*Extracted entries*:
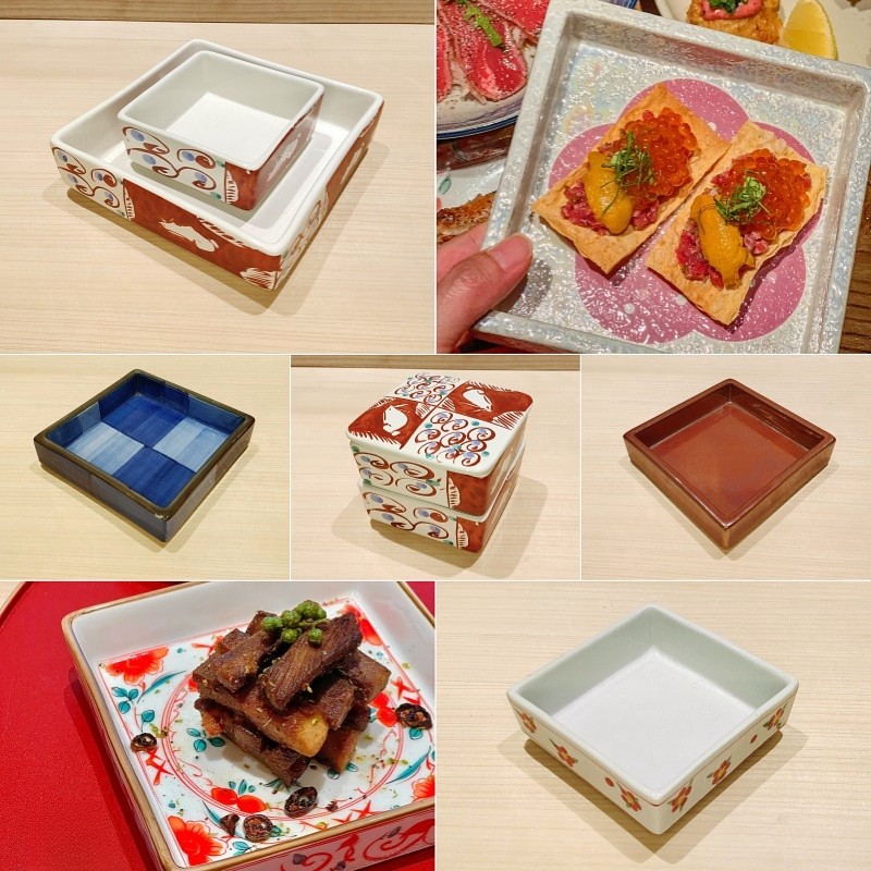 📚 善渊 陶瓷四方正方盒盘寿司刺身烤肉盘蛋羹甜点拉面钵碗创意餐具
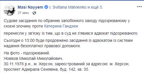 Фото нападавшего опубликовал юрист Маси Найем в своем Facebook. Он также написал, что подозреваемого зовут Николай Новиков, ему 40 лет. Он добавил, что заседание суда по избранию меры пресечения Новикову перенесли из-за неявки адвоката задержанного.
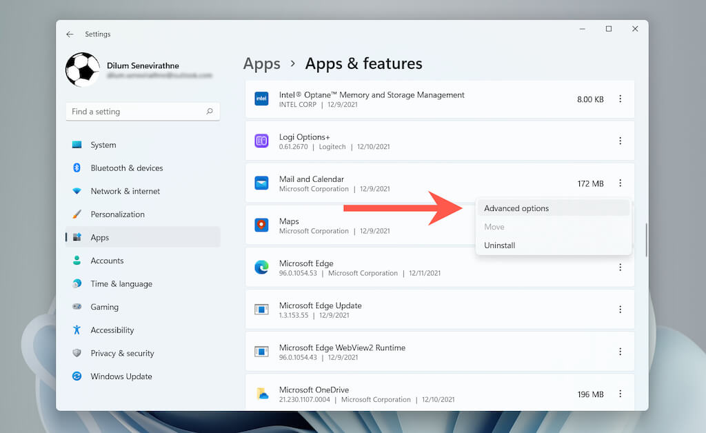 - Scroll down and select Advanced options next to Mail and Calendar.
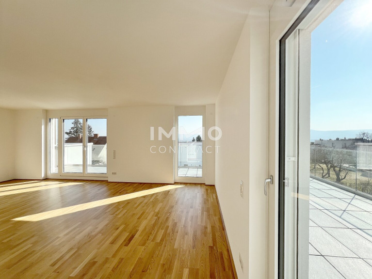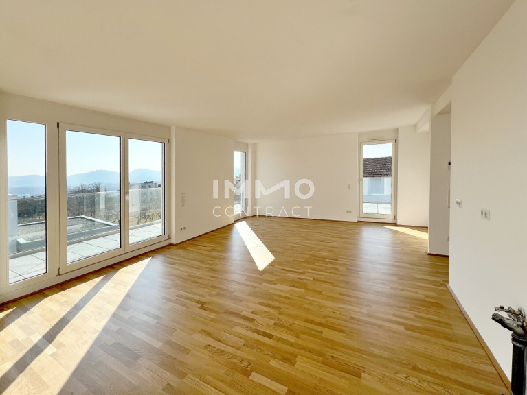 Die Dachgeschosswohnungen bezaubern mit 35qm - 65qm großen Terrassen und Panoramablick.
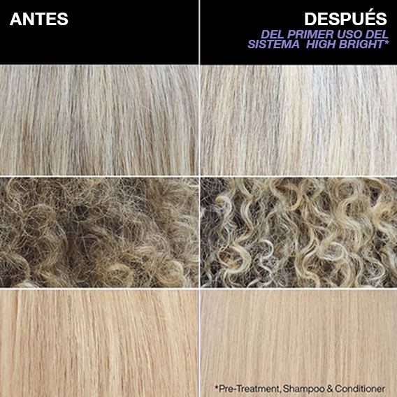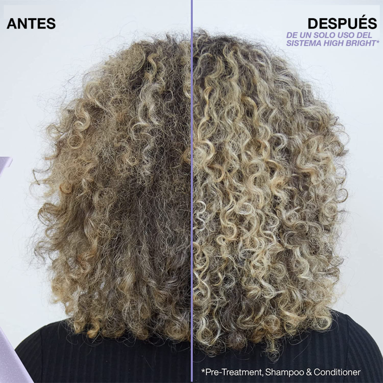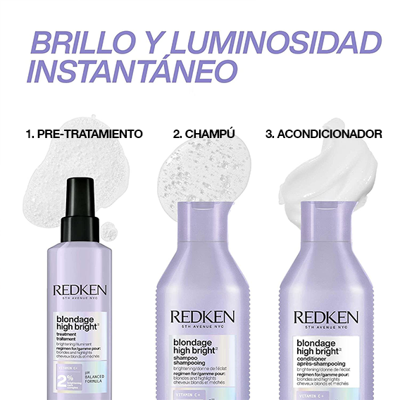 La rutina completa incluye un pre-tratamiento, champú y acondicionador. El 92% de los estilistas que lo han puesto a prueba comprueban que se luce un rubio más brillante después de un solo uso. 🙌🏼 Blondage High Bright™ está potenciado por vitamina C+ y nuestro complejo de cuidado iluminador, un dúo formulado con agentes quelantes para ayudar a lograr resultados instantáneos. Produciendo un cabello rubio más brillante y con la cutícula sellada para bloquear los factores externos que lo opacan con solo UN uso.
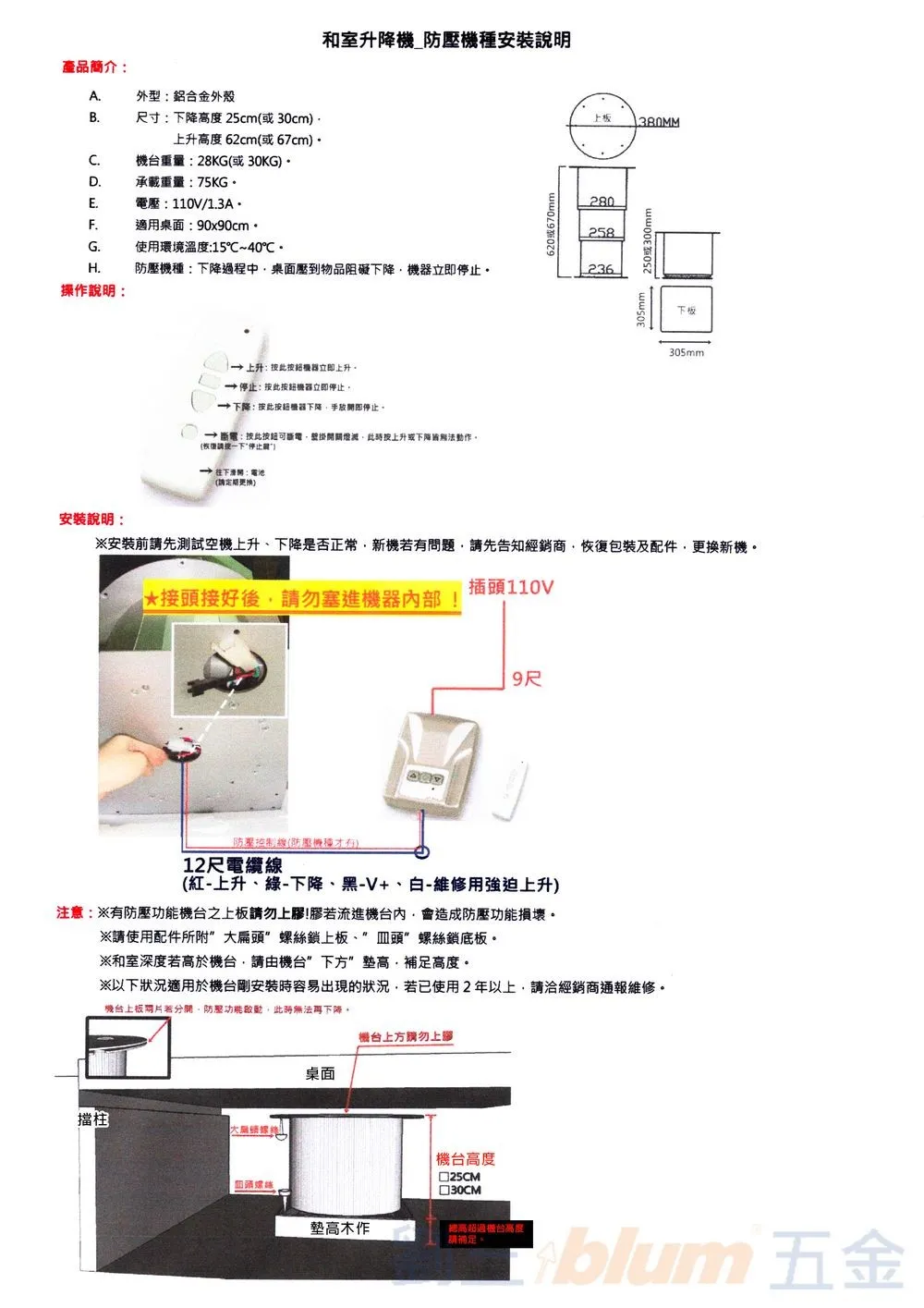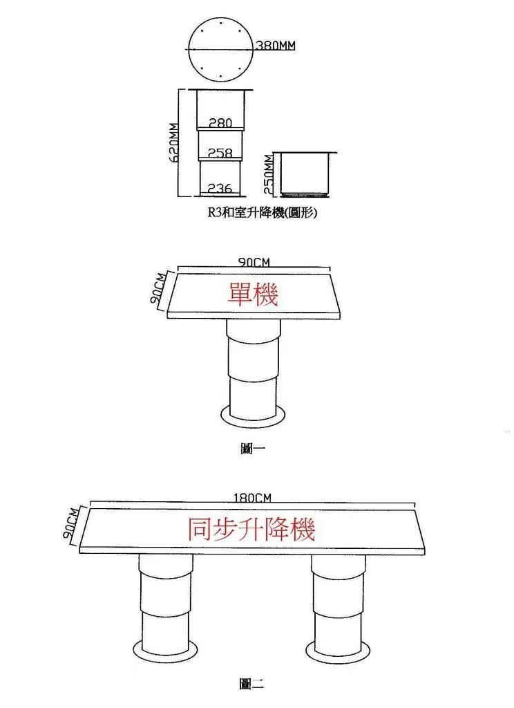 尺寸規格:(1)機器下降高度25-上昇高度62cm,(2)機器下降高度30-上昇高度67cm(3)另上升下降高度接受定製。
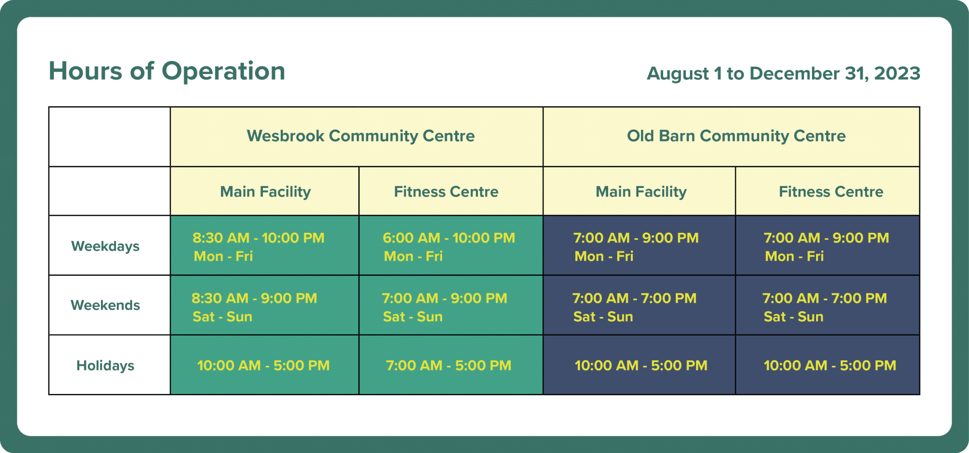 We will be implementing new hours of operation at Old Barn Community Centre and Wesbrook Community Centre starting from August 1 to December 31, 2023.

*Work item*: Output only the lines running from the line with "La rutina completa" through the last line of the entries above, inclusive, with pictures excluded.

*Result of the task*:
 La rutina completa incluye un pre-tratamiento, champú y acondicionador. El 92% de los estilistas que lo han puesto a prueba comprueban que se luce un rubio más brillante después de un solo uso. 🙌🏼 Blondage High Bright™ está potenciado por vitamina C+ y nuestro complejo de cuidado iluminador, un dúo formulado con agentes quelantes para ayudar a lograr resultados instantáneos. Produciendo un cabello rubio más brillante y con la cutícula sellada para bloquear los factores externos que lo opacan con solo UN uso.
 尺寸規格:(1)機器下降高度25-上昇高度62cm,(2)機器下降高度30-上昇高度67cm(3)另上升下降高度接受定製。
 We will be implementing new hours of operation at Old Barn Community Centre and Wesbrook Community Centre starting from August 1 to December 31, 2023.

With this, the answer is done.